Cyclization process affects alternative splicing
CircRNA is generally accepted as a unique functional by-products derived from splicing process of protein-coding genes. A large proportion of circRNAs we identified till date are exon-derived. Thus, the forming process of such circRNAs could affect alternative splicing of the relevant pre-mRNAs, potentially leading to altered gene expression (Fig.
4.5). A paper published in Circulation Research pointed that RBM20 is crucial for the formation of a subset of circRNAs that originate from the I-band of the Titin gene. In RBM20-knockout mice, exons that originally corresponded to the formation of circular RNA were found more concentrated in linear RNA [
67]. The authors speculate that these exons may be part of the precursor RNA transcribed by Titin gene, they are cleaved from precursor RNA molecule and further forms circRNAs with the aid of RBM20 in a normal situation. When RBM20 is mutated or knocked out, these exon sequences cannot be normally cut down to start the cyclization, and finally accumulate in the linear RNA molecules.

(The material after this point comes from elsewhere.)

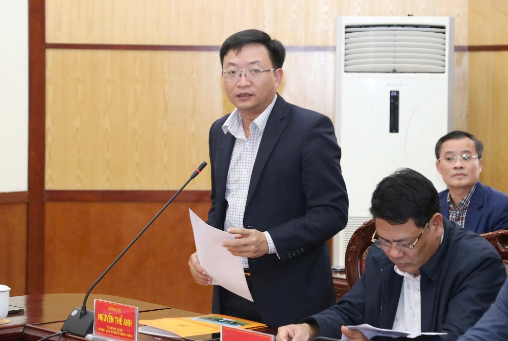 Chánh Văn phòng UBND tỉnh Nguyễn Thế Anh trình bày báo cáo tại buổi họp báo.

On the contrary, circRNA biogenesis can compete with pre-mRNA splicing, resulting in lower levels of linear mRNAs and changing the composition of processed mRNA by excluding specific exons from the pre-mRNA. Although no natural eukaryotic endogenous circRNA is yet proved to possess the function of translating into proteins, considering the principle we mention above that the more exons are circularized, the less they will be present in the processed mRNA, it is reasonable to speculate that the overexpression or deletion of some gene splicing associated proteins may also modulate formation of mRNA by affecting the amount of circRNAs, further regulate gene expression. This theory will offer a brand-new perspective for the nosogenesis research of some disease.
In consideration of the numerous unsolved problems about circRNAs as yet, more reliable researches are needed to discover the potential existence of other unknown circRNAs or functional RNAs, and complete their functional characterization in eukaryotic cells.